Records from a dataset

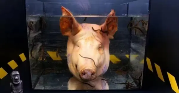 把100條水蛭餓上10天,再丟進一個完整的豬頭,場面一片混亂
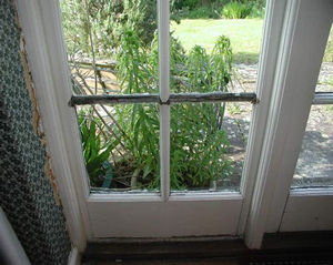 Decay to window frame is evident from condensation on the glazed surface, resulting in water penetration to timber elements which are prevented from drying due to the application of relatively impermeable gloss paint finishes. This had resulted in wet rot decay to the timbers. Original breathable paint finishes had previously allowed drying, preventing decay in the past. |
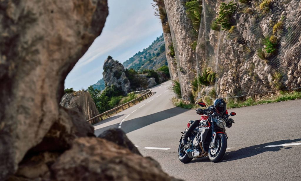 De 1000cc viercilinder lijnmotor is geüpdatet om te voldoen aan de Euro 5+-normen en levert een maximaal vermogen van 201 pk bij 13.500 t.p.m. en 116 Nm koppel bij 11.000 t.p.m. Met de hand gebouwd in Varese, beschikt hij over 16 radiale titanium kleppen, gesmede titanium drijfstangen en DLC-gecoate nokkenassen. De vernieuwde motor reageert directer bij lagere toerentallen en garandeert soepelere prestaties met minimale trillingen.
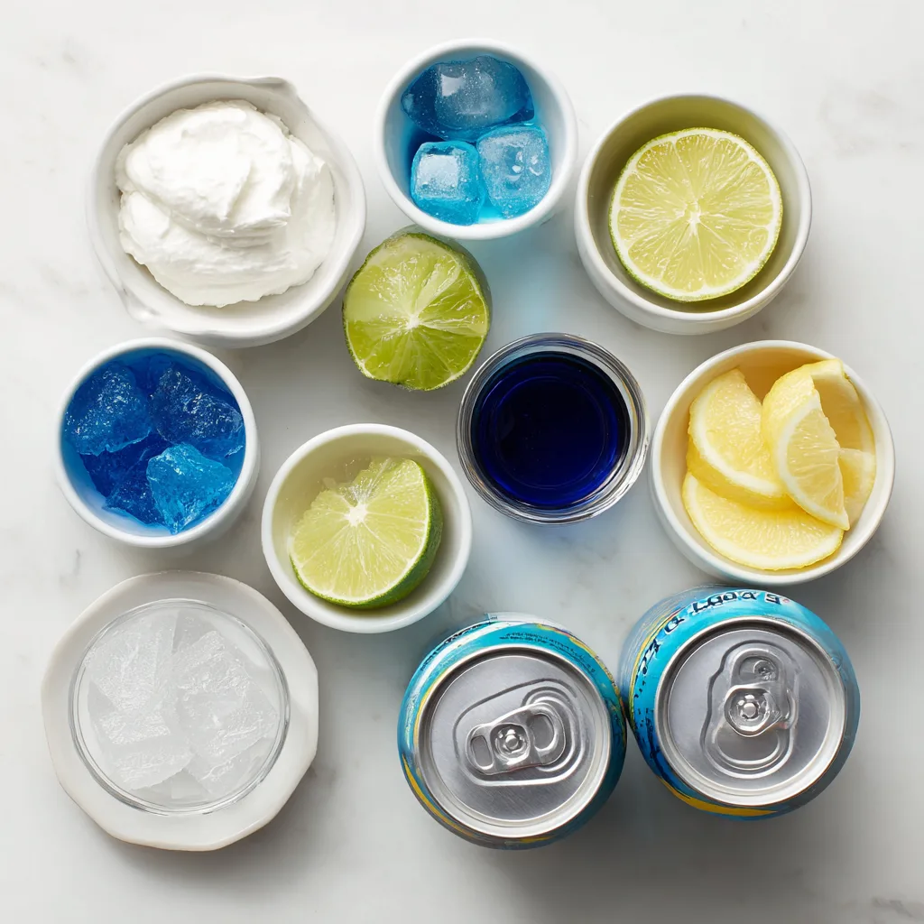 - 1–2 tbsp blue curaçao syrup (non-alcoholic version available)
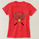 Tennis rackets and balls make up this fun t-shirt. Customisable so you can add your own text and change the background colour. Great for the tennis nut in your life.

## ASSIGNMENT:
Output the records exactly as they appear, skipping any pictures.

## EXERCISE SOLUTION:
 把100條水蛭餓上10天,再丟進一個完整的豬頭,場面一片混亂
 Decay to window frame is evident from condensation on the glazed surface, resulting in water penetration to timber elements which are prevented from drying due to the application of relatively impermeable gloss paint finishes. This had resulted in wet rot decay to the timbers. Original breathable paint finishes had previously allowed drying, preventing decay in the past. |
 De 1000cc viercilinder lijnmotor is geüpdatet om te voldoen aan de Euro 5+-normen en levert een maximaal vermogen van 201 pk bij 13.500 t.p.m. en 116 Nm koppel bij 11.000 t.p.m. Met de hand gebouwd in Varese, beschikt hij over 16 radiale titanium kleppen, gesmede titanium drijfstangen en DLC-gecoate nokkenassen. De vernieuwde motor reageert directer bij lagere toerentallen en garandeert soepelere prestaties met minimale trillingen.
 - 1–2 tbsp blue curaçao syrup (non-alcoholic version available)
 Tennis rackets and balls make up this fun t-shirt. Customisable so you can add your own text and change the background colour. Great for the tennis nut in your life.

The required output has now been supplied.